The Employees Provident Fund Organisation (EPFO) hit the stock market on Thursday, with an estimated amount of Rs 5,000 crore.
Globally, equities are preferred for investing pension money. An OECD survey in 2014 shows that large pension funds globally have about 30% exposure to equity. This depends on the depth of the market, in other words, how much money it has.
KK Jalan, Central Provident Fund commissioner (also CEO, EPFO) said, “Now [moving out of] a 22,000 crore by FII could shake the market,” adding that deepening the market would make it more attractive for pension funds.
Manish Jaiswal, senior director of CRISIL said that the very arrival of pension funds to the equity market would help the deepening. “[They] have the potential to deepen capital markets and add stability in the face of short term money flows,” he said.
The EPFO, according to Jalan has plans to offer investment options to the account holders: that is, to ask them how much they want to invest in equities, bonds and other instruments. But he said that it would depend much on the financial literacy of the investors, as only a good understanding of various financial instruments would enable them to effectively exercise this option.
Pension schemes in India, where only 8% of the working population is currently covered under social security, has been designed in Defined Benefit(DB) – where the employer, usually the government, offers you a predetermined amount in monthly instalments after your retirement– and Defined Contribution(DC) model – where employee and employer contributes to the future pension.
As DB model was not fiscally sustainable for the government, it started shifting to the DC model.

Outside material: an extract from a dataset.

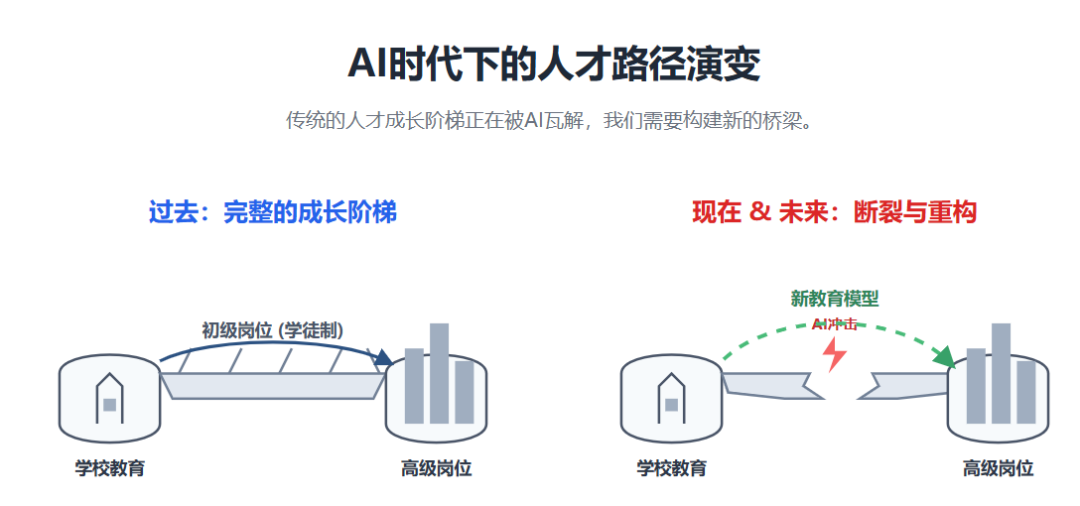 当一家公司可以用极低的成本,让AI完成90%的初级工作时,雇佣一个需要支付薪水、需要耗费心力去培养、且效率远低于AI的人类新手,在商业逻辑上变得越来越不划算。(情怀恐怕无法对冲这种本质性变化)
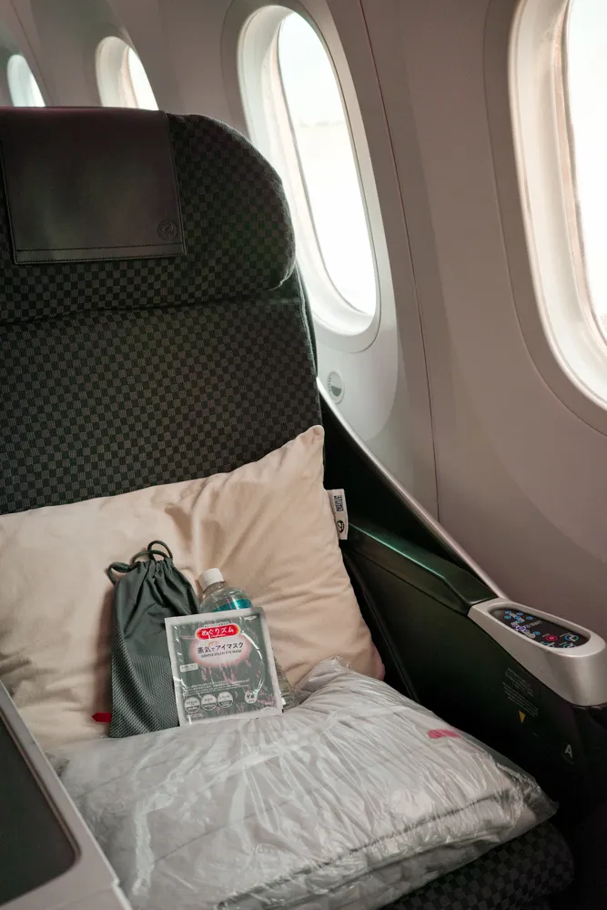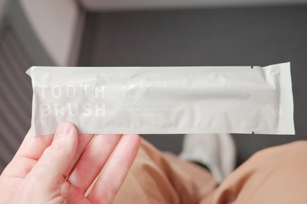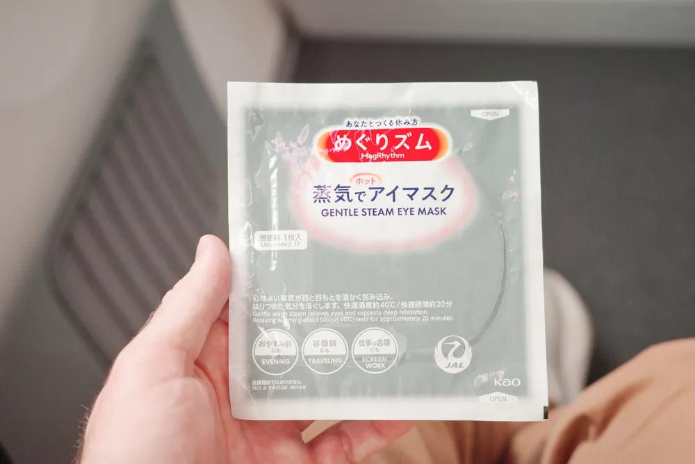 The amenity kit was a pleasant surprise. Japan Airlines clearly sweats the small details. Inside, I found a gentle steam eye mask, a toothbrush, a regular eye mask, quality headphones, and slippers. These thoughtful amenities set the tone for what would be an excellent Tokyo Business Class experience.

One initiative was the New Pension Scheme, introduced in 2004, and opened to public in 2009.But the recent Atal Pension Yojna, aimed at the poorer unorganised sections of the population, is a combination of both the models.
Issue of regulation
Although Pension Fund Regulatory Agency (PFRDA) regulates the sector, there is dearth of data on the pension funds in the country, their corpus, and their investments.
“We need to study how many Pension Funds are there, and their total corpus,”said Jalan. Although one and half years ago EPFO reported to parliament that there were 3621 such funds in India, it later found that there were only about 1500, and could monitor online only about 23, he added.
“There are [funds] that are not investing not in accordance with the rules of the provident funds, finance ministry or EPFO,” he said. “..wrong things can happen..and has happened before,” he added.